**REQUIRED WORK:**
Beginning with the line containing "Timeless Textured Crewneck" and ending at the last line of the data, set down every line exactly, leaving out all pictures.

**DATA EXCERPTS:**
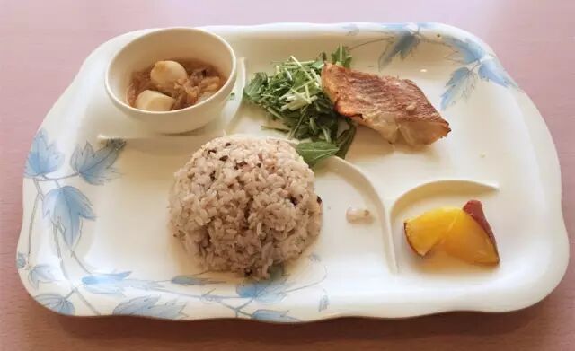 如果想要来这里用餐的话,要现在东京都政府大厅的1楼或者2楼办理手续,获得临时通行证才能进入。图中的饭菜荤素搭配,有米有面还有汤,营养均衡。
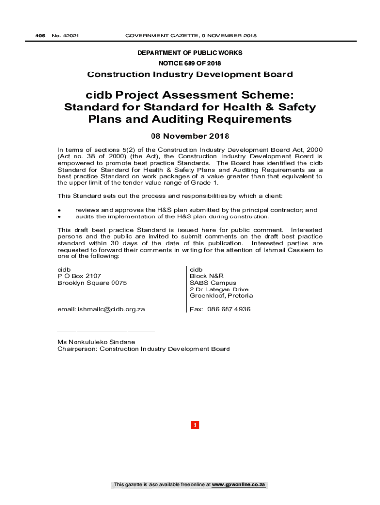 406 No. 42021GOVERNMENT GAZETTE, 9 NOVEMBER 2018DEPARTMENT OF PUBLIC WORKS NOTICE 689 OF 2018 689Construction Industry Development Board Act (38/2000): Standard for Health & Safety Plans and Auditing
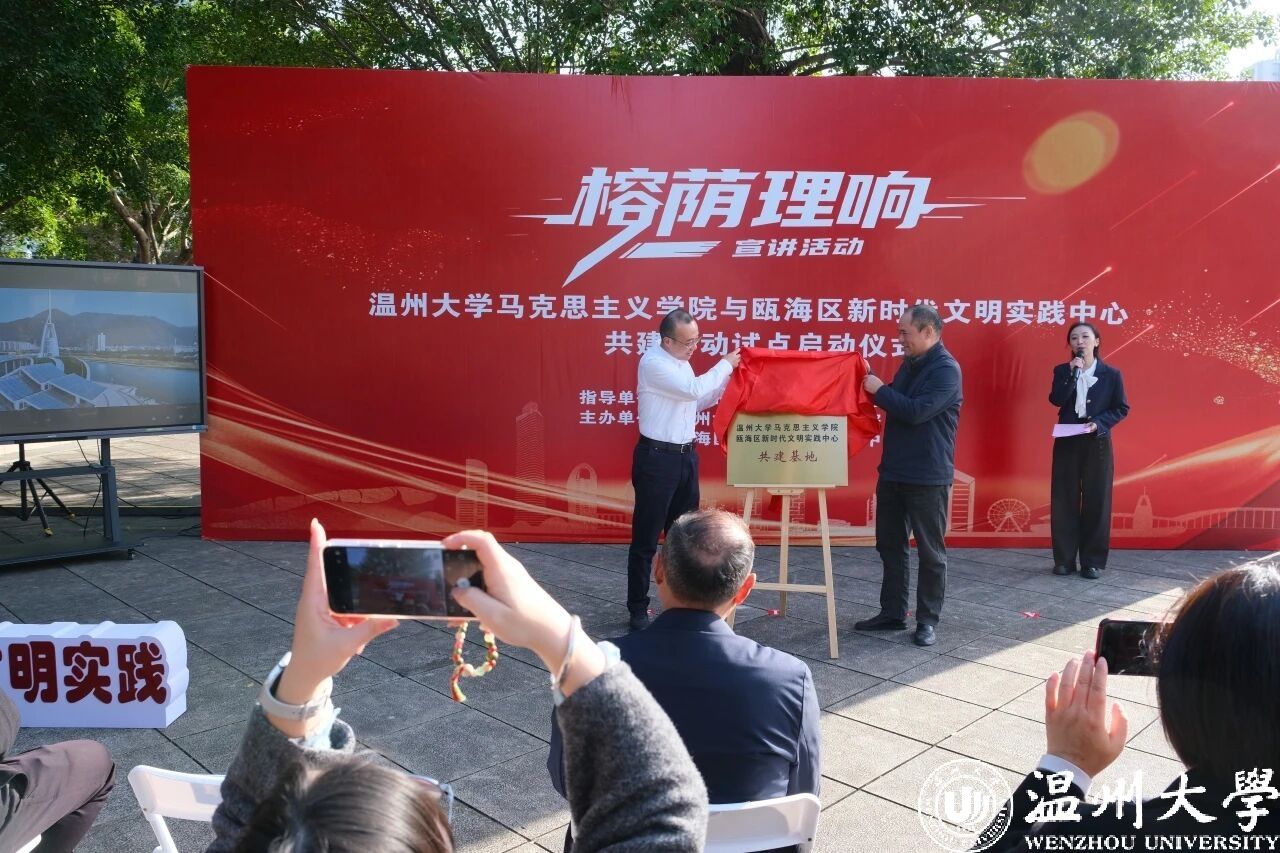 据介绍,温大马院与瓯海新时代文明实践中心共建行动,将设立实践教学基地,组织青年师生开展实地调研、教学研究、社会实践等活动,形成调研报告。结合瓯海“榕树下的文明实践”品牌,共建“榕荫理响”宣讲品牌,博士讲师团还将绘制榕树下文明地图,邀请百姓群众一起讲好瓯海故事。
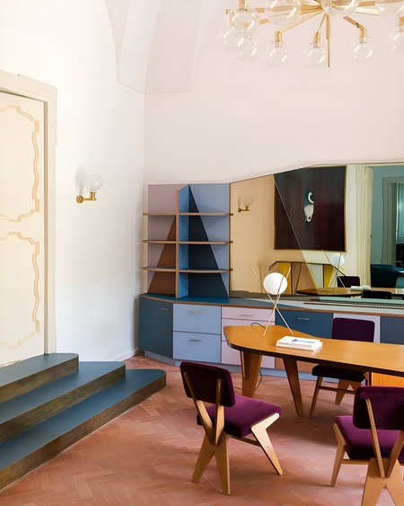 Люкс «Blue point» в своем интерьере имеет легендарную деталь интерьера — стеновую панель с полками, разработанную Понти для офиса Dulciora в конце 1940-х годов. Номер, разработанный дизайнером Джулиано дель Ува Архитетти, содержит мебель от Франко Альбини и Джо Понти. Пространство номера преимущественно разделяется цветом. Мебель во всех номерах люкс сделана на заказ.
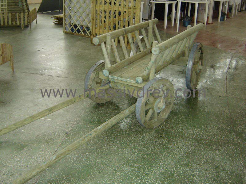 Когда-то телега была незаменимым помощником в хозяйстве и основным видом транспорта в сельской местности. В наше время деревянная телега выполняет, в основном, декоративные функции и используется как элемент декора в ландшафтном дизайне загородного участка, сада, прилегающей территории кафе или ресторана.
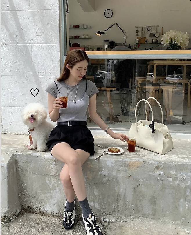 특히 회색 삭스를 활용한 믹스매치와 오버사이즈 화이트 백으로 포인트를 주며, 과하지 않은 데일리룩 안에서도 섬세한 균형미를 자랑했습니다.
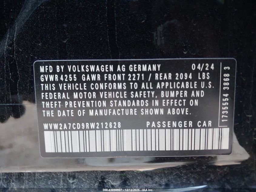2024 VOLKSWAGEN GOLF GTI - WVW2A7CD9RW212628, цвет - Черный, 2.0, Бензин, Передний привод из США
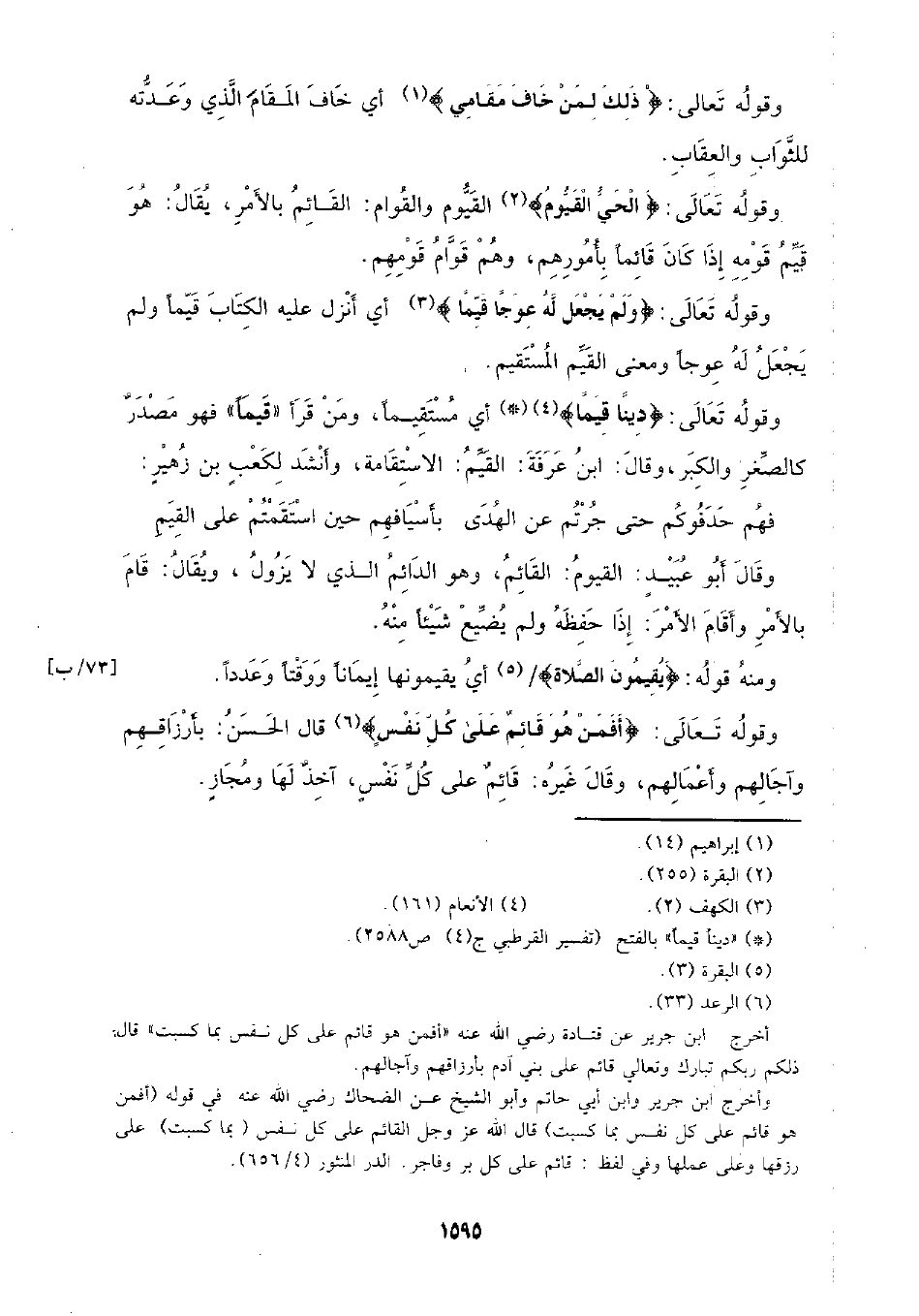 وقوله تعالى: {دينا قيما} أي مستقيما، ومن قرأ (قيما) فهو مصدر كالصغر والكبر، وقال: ابن عرفة: القيم: الاستقامة، وأنشد لكعب بن زهير فهم حدفوكم حتى جرتم عن الهدى بأسيافهم حين استقمتم على القيم وقال أبو عبيد: القيوم: القائم، وهو الدائم الذي لا يزول، ويقال: قام بالأمر وأقام الأمر: إذا حفظه ولم يضيع شيئا منه.
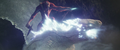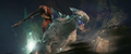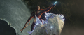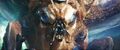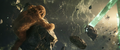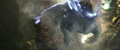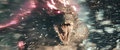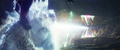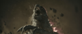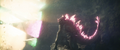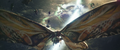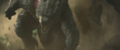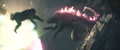 While Kong attracted Godzilla to his position with a battle cry, Jia ascended the steps to the top of the Iwi pyramid and extends a hand, causing Mothra to be resurrected and materialize before her in her imago form. She departs for the same portal as Kong. The Iwi queen orders the village evacuated, and Beasley asks Andrews permission to gather reinforcements. Afterwards, the Iwi release a liquid metal to force together the two largest electromagnetic pyramids, which will unleash a brief antigravity shock wave when they collide. The Skar King uses Kong's axe to breach the barrier, and commands Shimo to freeze the gap between the pyramids, preventing them from touching. Beasley returns with a flock of Vertacines, having used the HEAV's camouflage to lure them. They briefly hold back the Skar King's army, buying Beasley enough time to land and pick up a gleeful Hayes, Andrews, the Iwi queen, and one of her guards before Shimo shoots the creatures down. Godzilla and Kong launch from the vortex and charge towards the army as the ice between the pyramids shatters and they resume moving. Kong hops on Godzilla's back, then launches himself at the Skar King while Godzilla pounces toward Shimo. The Skar King leaps off Shimo's back to meet Kong mid-air, while Shimo lunges at Godzilla. Before they can reach each other, the pyramids collide, and the ensuing shock wave sends all the monsters floating through the air. Godzilla fights off a few apes before reaching Shimo. Kong blocks a strike from the Skar King's axe with the B.E.A.S.T. Glove. Mothra saves the malfunctioning HEAV from an ape with a blast of silk, then disables two more. One-Eye attacks Kong from behind, but Suko repels him with a pair of boulders. Shimo freezes Godzilla, but Mothra interrupts her by throwing a rock at her face, allowing Godzilla to shatter the ice and resume his attack. The antigravity wave starts to wear off, sending all the monsters falling. The Skar King launches himself towards a vortex, followed by Godzilla, Shimo, and Kong, who loses his axe in the process. Mothra catches the HEAV and sets it down safely. Suko kicks One-Eye off a crystal cliff to his death.
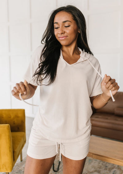 Timeless Textured Crewneck Top and Drawstring Shorts Set
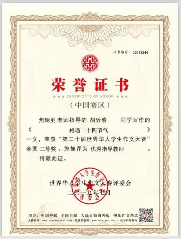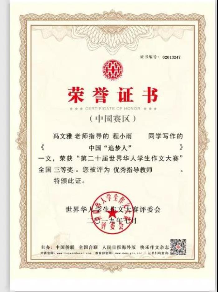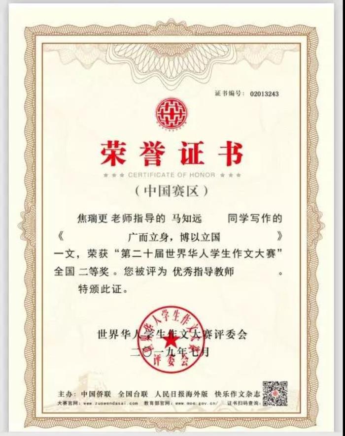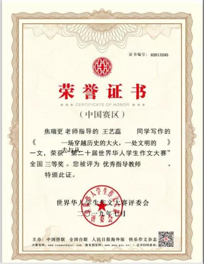 本届大赛以“中国变化”“家乡味道”为主题,共吸引来自34个国家和地区的近300万名学生参加。其中,我校高三4班郝乐行同学的《以变革之星火,燃九州之明耀》获得一等奖,程小雨同学获得三等奖;高三1班刘泽陆、马知远、胡昕蕙同学获得二等奖,王艺蕊同学获得三等奖;高二4班温天宇同学获得三等奖。王云凤、冯文雅、焦瑞更老师获得优秀指导老师称号。在此向各位小作家和指导老师表示祝贺!
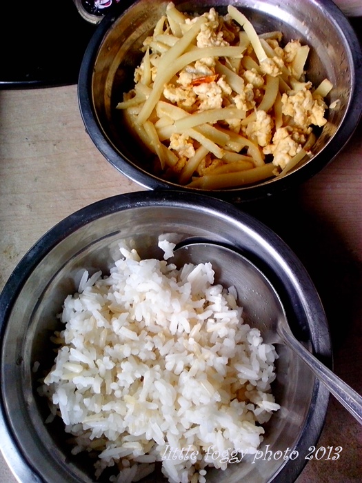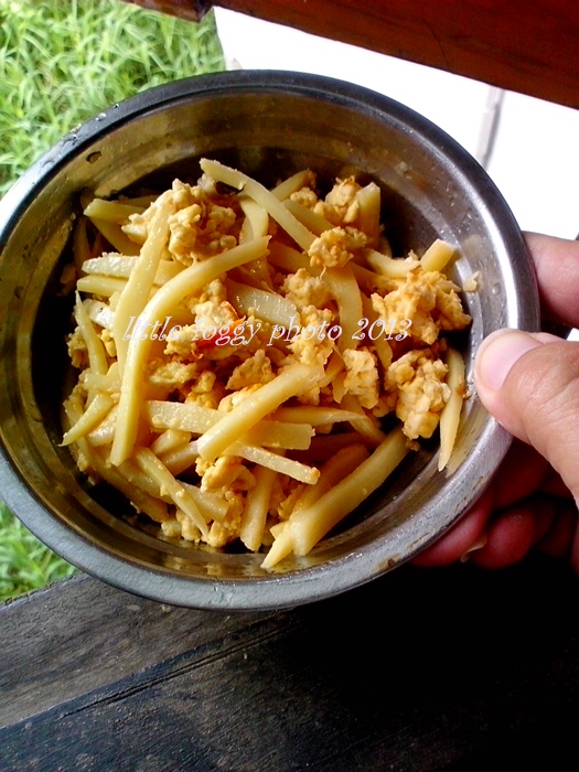 ต้มบ๊วย ผัดเผ็ดหน่อไม้ ไข่เจียวโหระพา หน่อไม้ที่ไปขุดมา เอามาต้มน้ำร้อน แล้วเก็บไว้ในตู้เย็น เอาไว้มาทำกับข้าว อาหารเช้าวันนี้ โหระพา และ กะเพรา เก็บมาจากสวนที่ได้ไปแวะ พริกที่เด็ดมา เอามาตำทำผัดเผ็

**PROBLEM SOLUTION:**
 Timeless Textured Crewneck Top and Drawstring Shorts Set
 本届大赛以“中国变化”“家乡味道”为主题,共吸引来自34个国家和地区的近300万名学生参加。其中,我校高三4班郝乐行同学的《以变革之星火,燃九州之明耀》获得一等奖,程小雨同学获得三等奖;高三1班刘泽陆、马知远、胡昕蕙同学获得二等奖,王艺蕊同学获得三等奖;高二4班温天宇同学获得三等奖。王云凤、冯文雅、焦瑞更老师获得优秀指导老师称号。在此向各位小作家和指导老师表示祝贺!
 ต้มบ๊วย ผัดเผ็ดหน่อไม้ ไข่เจียวโหระพา หน่อไม้ที่ไปขุดมา เอามาต้มน้ำร้อน แล้วเก็บไว้ในตู้เย็น เอาไว้มาทำกับข้าว อาหารเช้าวันนี้ โหระพา และ กะเพรา เก็บมาจากสวนที่ได้ไปแวะ พริกที่เด็ดมา เอามาตำทำผัดเผ็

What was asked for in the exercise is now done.